• PROBLEM STATEMENT: Starting at the line that contains "Steemit Nursery User" in the listing below, write out every line word for word until you have written the line that contains "浙江省岱山县2024《卫生招".

• INPUT FOR THIS TASK:
# # # #

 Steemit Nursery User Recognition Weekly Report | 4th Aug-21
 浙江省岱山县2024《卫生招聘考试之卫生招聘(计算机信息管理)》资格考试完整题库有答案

# # # #

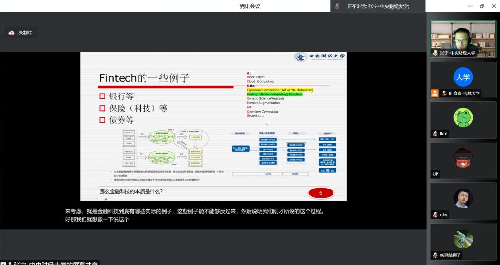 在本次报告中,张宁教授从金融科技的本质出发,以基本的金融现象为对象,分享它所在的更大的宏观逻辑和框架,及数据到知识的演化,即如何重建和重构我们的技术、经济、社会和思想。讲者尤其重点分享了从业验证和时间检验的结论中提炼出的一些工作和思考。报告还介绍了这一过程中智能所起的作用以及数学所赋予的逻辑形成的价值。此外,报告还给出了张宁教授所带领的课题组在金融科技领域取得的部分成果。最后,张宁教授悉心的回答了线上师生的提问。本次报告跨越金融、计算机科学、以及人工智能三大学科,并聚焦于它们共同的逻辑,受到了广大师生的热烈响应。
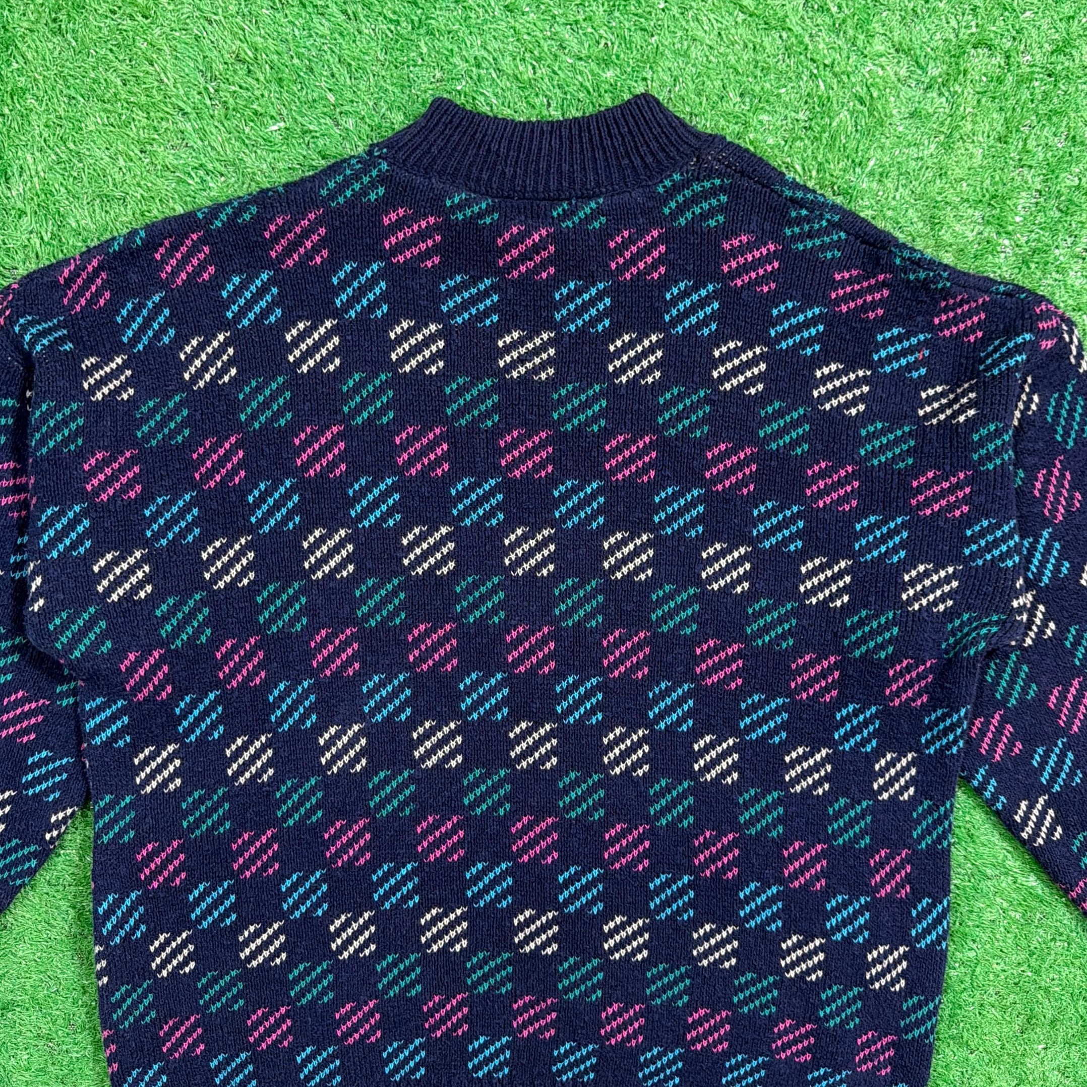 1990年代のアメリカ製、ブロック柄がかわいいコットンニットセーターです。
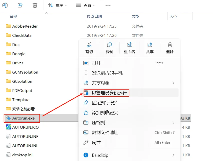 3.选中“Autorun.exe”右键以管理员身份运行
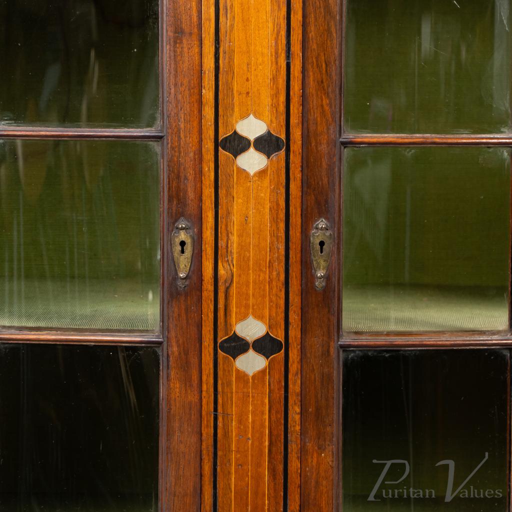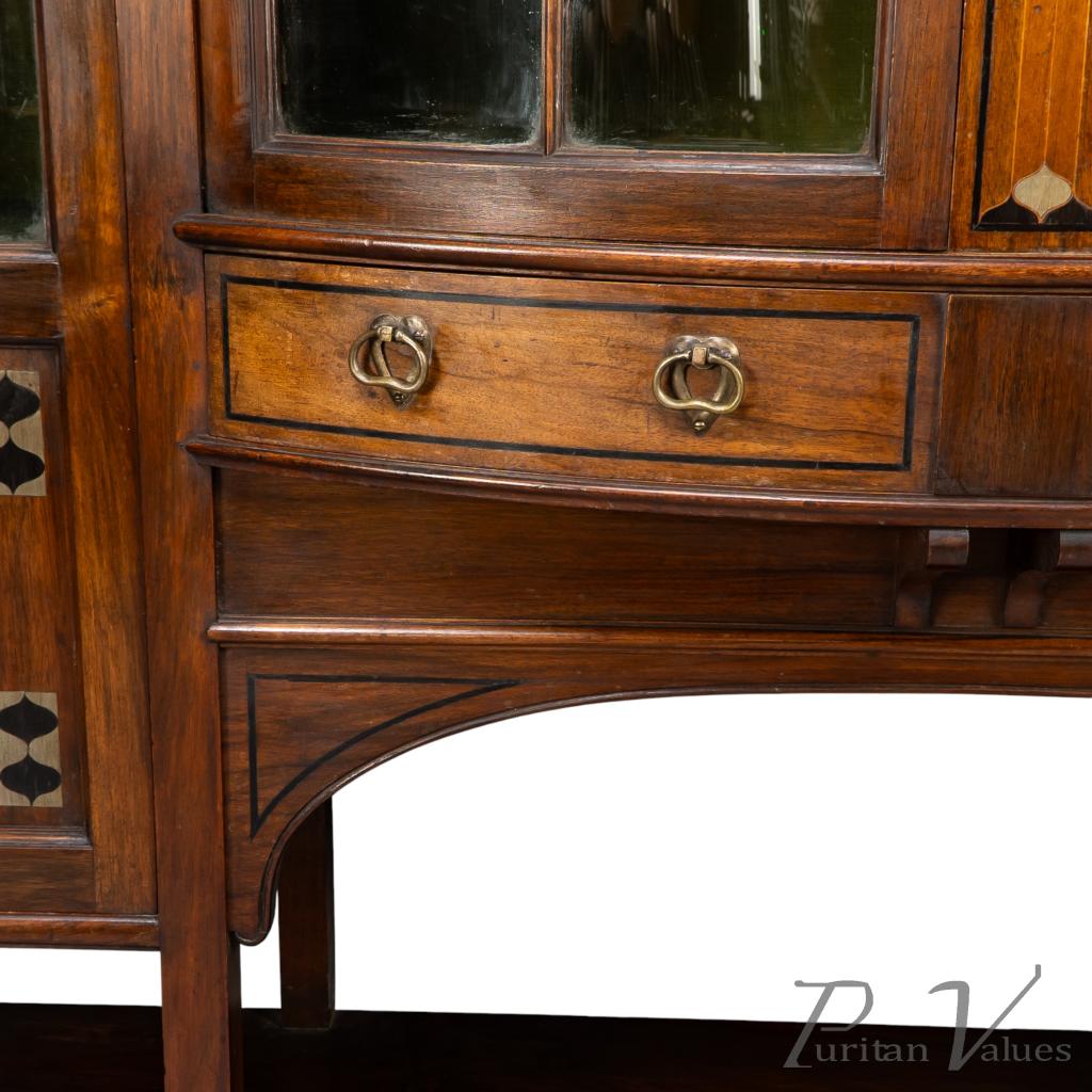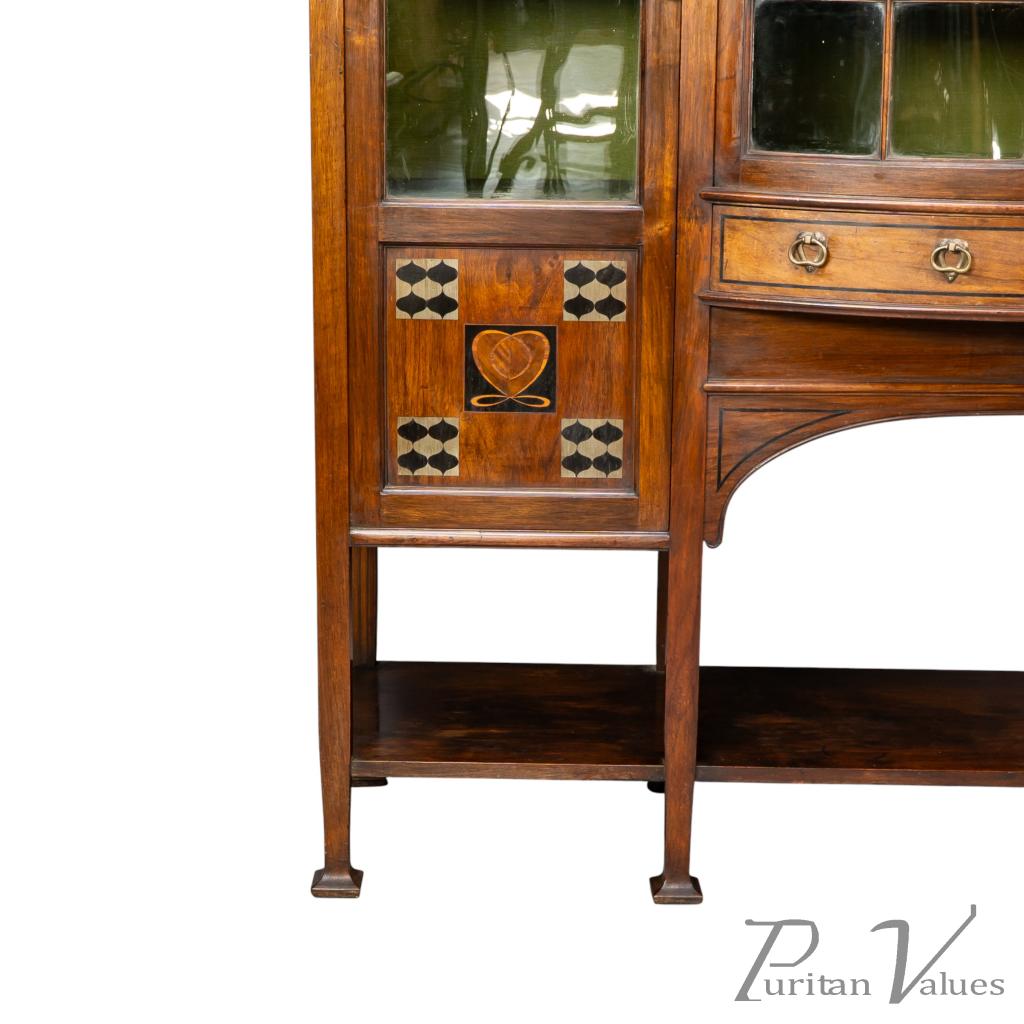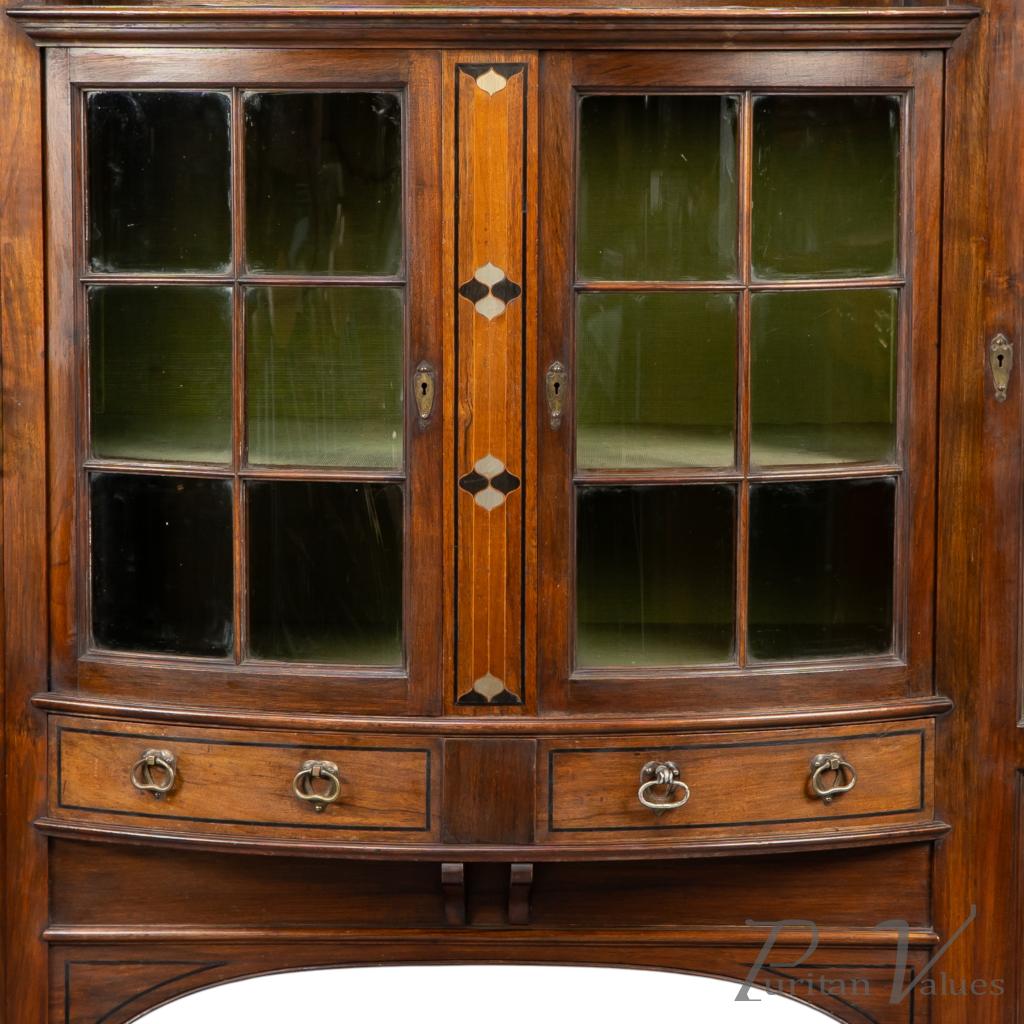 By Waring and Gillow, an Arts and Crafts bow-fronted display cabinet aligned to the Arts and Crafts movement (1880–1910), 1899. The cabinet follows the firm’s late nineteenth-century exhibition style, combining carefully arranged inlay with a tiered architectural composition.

# # # #

• RESPONSE FOR THIS EXERCISE:
 Steemit Nursery User Recognition Weekly Report | 4th Aug-21
 浙江省岱山县2024《卫生招聘考试之卫生招聘(计算机信息管理)》资格考试完整题库有答案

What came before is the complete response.